1.createDataset()的参数可以是:Seq、Array、RDD
2.上面三行代码生成的Dataset分别是:Dataset[Int]、Dataset[(String,Int)]、Dataset[(String,Int,Int)]
3.Dataset与RDD有很多共同的函数,如map,filter等

scala> spark.createDataset(sc.makeRDD(List((1,2,3,4),(2,3,4,5)))).show
+---+---+---+---+
| _1| _2| _3| _4|
+---+---+---+---+
| 1| 2| 3| 4|
| 2| 3| 4| 5|
+---+---+---+---+
scala> sc.makeRDD(List((1,2,3,4),(2,3,4,5)))
res14: org.apache.spark.rdd.RDD[(Int, Int, Int, Int)] = ParallelCollectionRDD[25] at makeRDD at <console>:25

(2)使用样例类创建Dataset

scala> case class Student(name:String,age:Int)
defined class Student

scala> Seq(Student("zhangsan",15),Student("lisi",20))
res18: Seq[Student] = List(Student(zhangsan,15), Student(lisi,20))

scala> Seq(Student("zhangsan",15),Student("lisi",20)).toDS
res19: org.apache.spark.sql.Dataset[Student] = [name: string, age: int]

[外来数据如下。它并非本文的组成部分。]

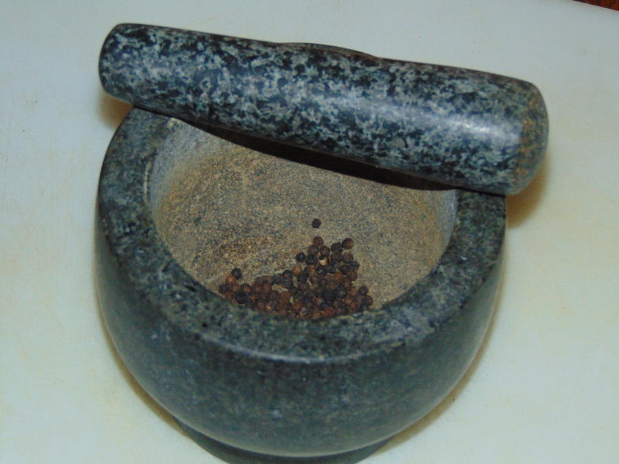 Working my Peppercorns and Onion with Mortar & Pestle (if you don't have one, I recommend you add it to your list as it can really open the doors for creating unique flavor profiles from your dry rubs):
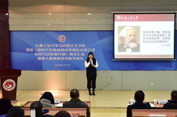 在综合楼三楼报告厅举行落实《新时代吉林省高校思想政治理论课创优行动实施方案》情况汇报暨新入职教师培训教学展示活动。校党委书记王忠,党委副书记李雁冰,党委常委、宣传部部长、教师工作部部长王鸣晖,人事与人才工作处、教师教学发展中心、教学质量监控与评价中心等部门负责人出席活动。网黄
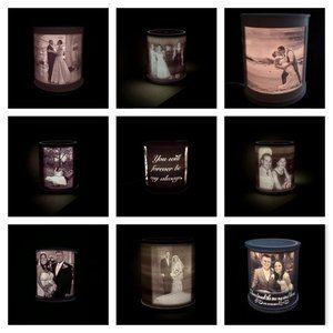 This is a custom 3D printed lighted lithophane lamp made with your favorite photos. It can be made with up to four photos (with more than 4 photos, I can make it into a collage to fit).
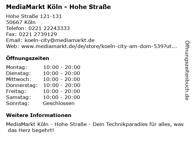 Öffnungszeiten MediaMarkt Köln - Hohe Straße in Köln anzeigen | |
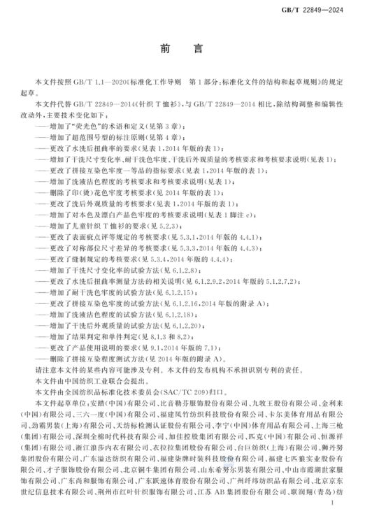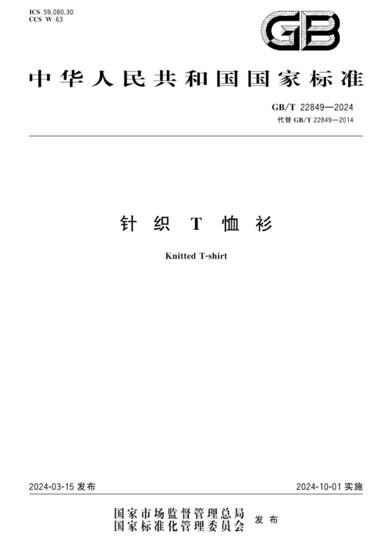 國標(biāo)GB/T 22849-2024《針織T恤衫》于2024年3月15日發(fā)布更新,將于2024年10月1日正式實(shí)施。
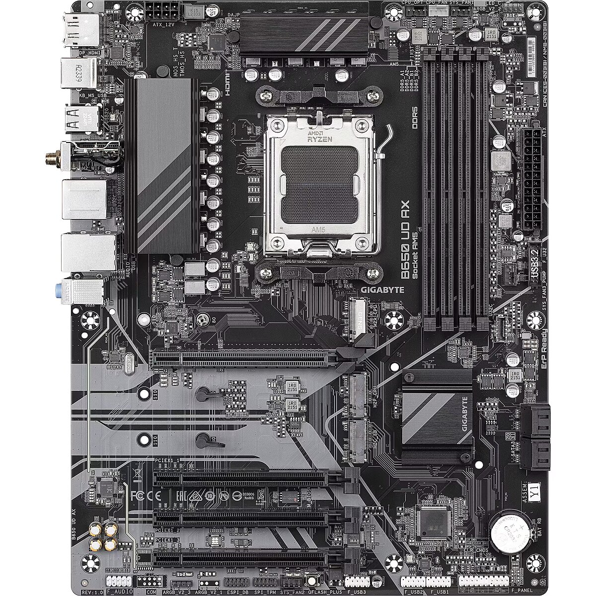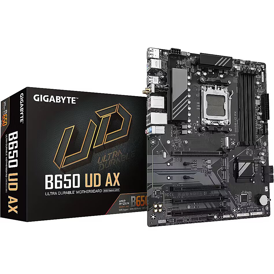 ShortSummaryDescription - GIGABYTE B650 UD AX Motherboard - AMD Ryzen 9000 Series CPUs, 6+2+2 Phases VRM, up to 7600MHz DDR5 (OC), 1xPCIe 5.0 + 2xPCIe 4.0 M.2, GbE LAN, WIFI 6, USB 3.2 Gen 2, AMD, Socket AM5, AMD Ryzen 7000 Series, AMD Ryzen 8000 Series, AMD Ryzen 9000 Series, Socket AM5, DDR5-SDRAM, 256 GB
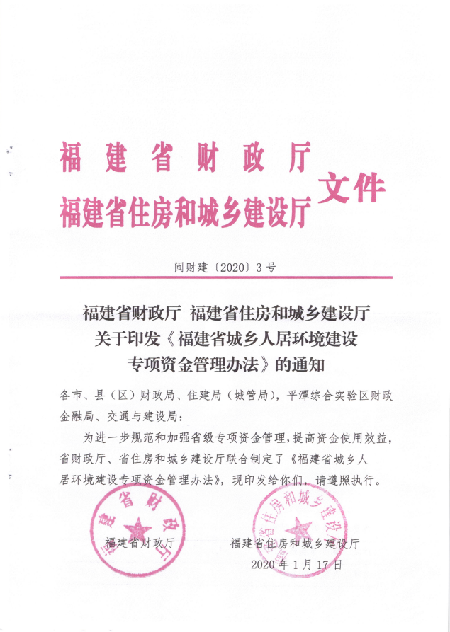 福建省財政廳福建省住房和城鄉(xiāng)建設廳關于印發(fā)《福建省城鄉(xiāng)人居環(huán)境建設專項資金管理辦法的通知》(閩財建[2020]3號)
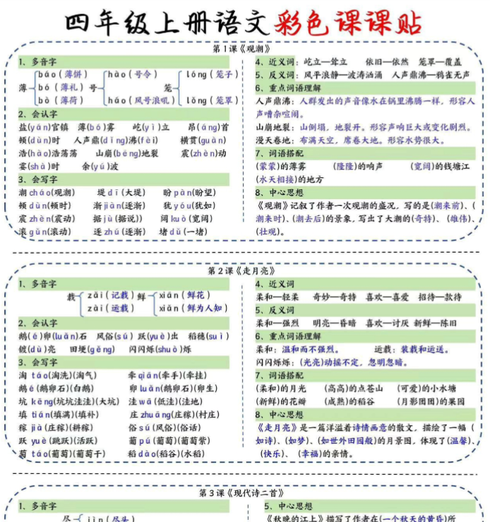 2025秋语文上册四年级课课贴6款高清无水印版本,一键保存极速获取!教材同步全覆盖,图文清晰无水印,学习效率翻倍提升,错过再无!立即点击一键下载,高效预习复习就这么简单!
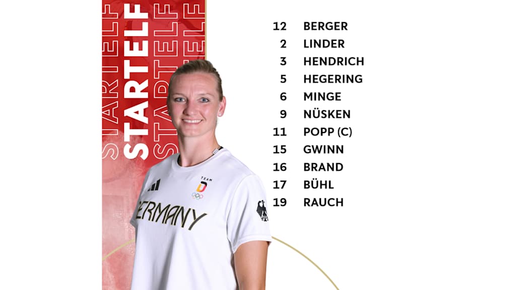 Die Startelf: 12 Berger - 2 Linder, 3 Hendrich, 5 Hegering, 6 Minge, 9 Nüsken, 11 Popp (C), 15 Gwinn, 16 Brand, 17 Bühl, 19 Rauch.
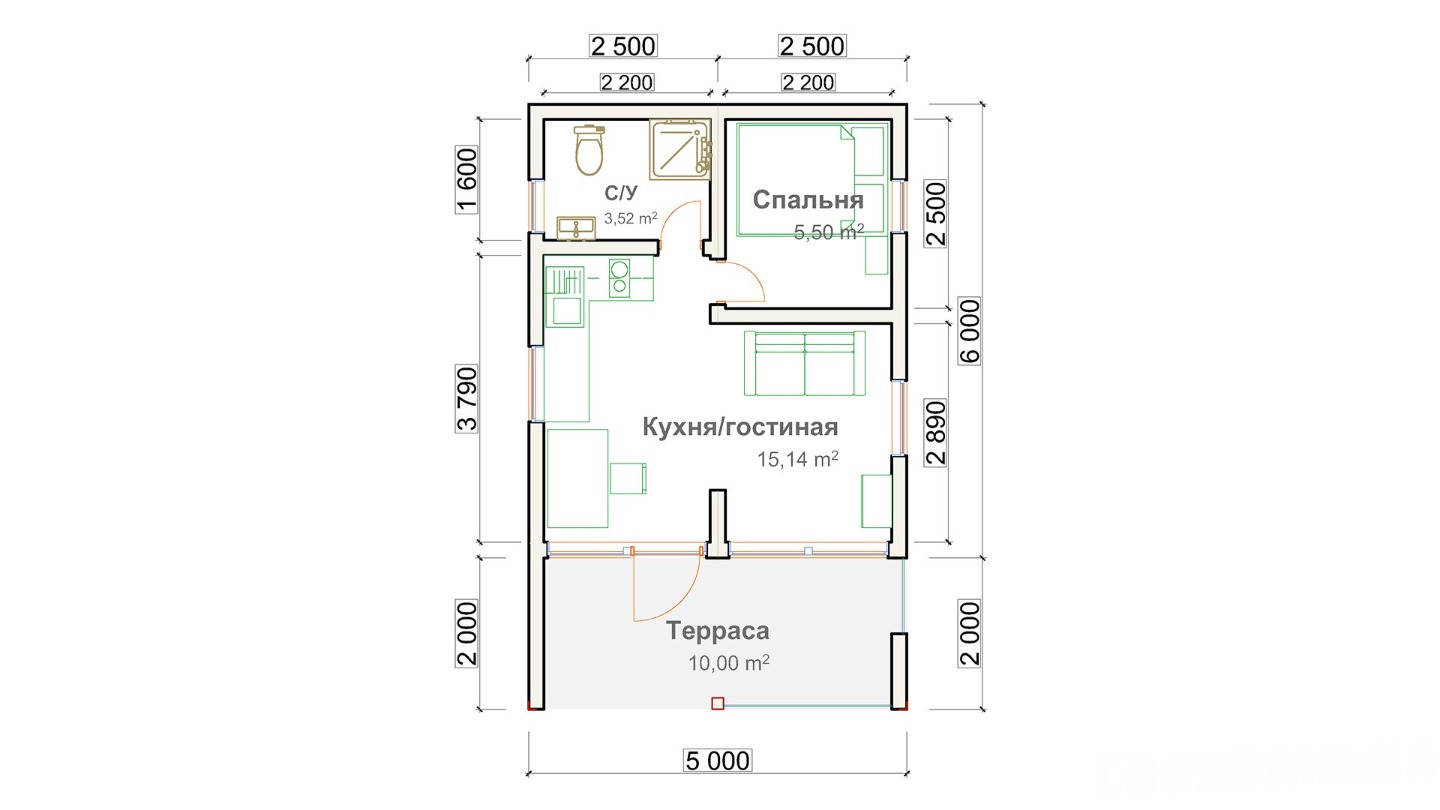 Предлагаем просторный проект 40 м² (5×8 м), созданный по передовым модульным технологиям. Это идеальный выбор для тех, кто ценит эстетику и не хочет ввязываться в многолетнюю стройку.

scala> Seq(Student("zhangsan",15),Student("lisi",20)).toDS.show
+--------+---+
| name|age|
+--------+---+
|zhangsan| 15|
| lisi| 20|
+--------+---+

样例类和普通类区别:
(1)不需要new可以直接生成对象
(2)默认实现序列化接口
(3)默认自动覆盖toString()、equals()、hashCode()

二、RDD->DataFrame

方式一:通过反射获取RDD内的Schema

case class Person(name:String,age:Int)
import spark.implicits._
val people=sc.textFile("file:///opt/datas/people.txt")
.map(_.split(","))
.map(p => Person(p(0), p(1).trim.toInt)).toDF()
people.show
people.createOrReplaceTempView("people")
val teenagers = spark.sql("SELECT name, age FROM people WHERE age >= 13 AND age <= 19")
teenagers.show()

方式二:通过编程接口指定Schema

case class Person(name String,age Int)
val people=sc.textFile("file:///opt/datas/people.txt")
val schemaString = "name age"
import org.apache.spark.sql.Row
import org.apache.spark.sql.types.{StructType, StructField, StringType}
val schema = StructType(schemaString.split(" ").map(fieldName =>StructField(fieldName,StringType, true)))
val rowRDD = people.map(_.split(",")).map(p => Row(p(0), p(1).trim))
val peopleDataFrame = spark.createDataFrame(rowRDD, schema)
peopleDataFrame.createOrReplaceTempView("people")
val results = spark.sql("SELECT * FROM people")
results.show
val df = spark.read.json("file:///opt/datas/people.json")
//将DF转为RDD
df.rdd.collect


//Spark SQL写parquet文件
import org.apache.spark.sql.types.{StructType, StructField, StringType,ArrayType,IntegerType}
val schema=StructType(Array(StructField("name",StringType),
StructField("favorite_color",StringType),
StructField("favorite_numbers",ArrayType(IntegerType))))
val rdd=sc.parallelize(List(("Alyssa",null,Array(3,9,15,20)),("Ben","red",null)))
val rowRDD=rdd.map(p=>Row(p._1,p._2,p._3))
val df=spark.createDataFrame(rowRDD,schema)
df.write.parquet("/data/users") //在该目录下生成parquet文件

//Spark SQL读parquet文件
val df=spark.read.parquet("/data/users") //该目录下存在parquet文件
df.show
df.printSchema

三、具体演示

(1)通过反射获取RDD内的Schema

scala> case class Person(name String,age Int)
<console>:1: error: ':' expected but identifier found.
case class Person(name String,age Int)
^

scala> val people=sc.textFile("file:///opt/datas/people.txt")
people: org.apache.spark.rdd.RDD[String] = file:///opt/datas/people.txt MapPartitionsRDD[36] at textFile at <console>:26

scala> val schemaString = "name age"
schemaString: String = name age

scala> import org.apache.spark.sql.Row
import org.apache.spark.sql.Row

scala> import org.apache.spark.sql.types.{StructType, StructField, StringType}
import org.apache.spark.sql.types.{StructType, StructField, StringType}

scala> val schema = StructType(schemaString.split(" ").map(fieldName =>StructField(fieldName,StringType, true)))
schema: org.apache.spark.sql.types.StructType = StructType(StructField(name,StringType,true), StructField(age,StringType,true))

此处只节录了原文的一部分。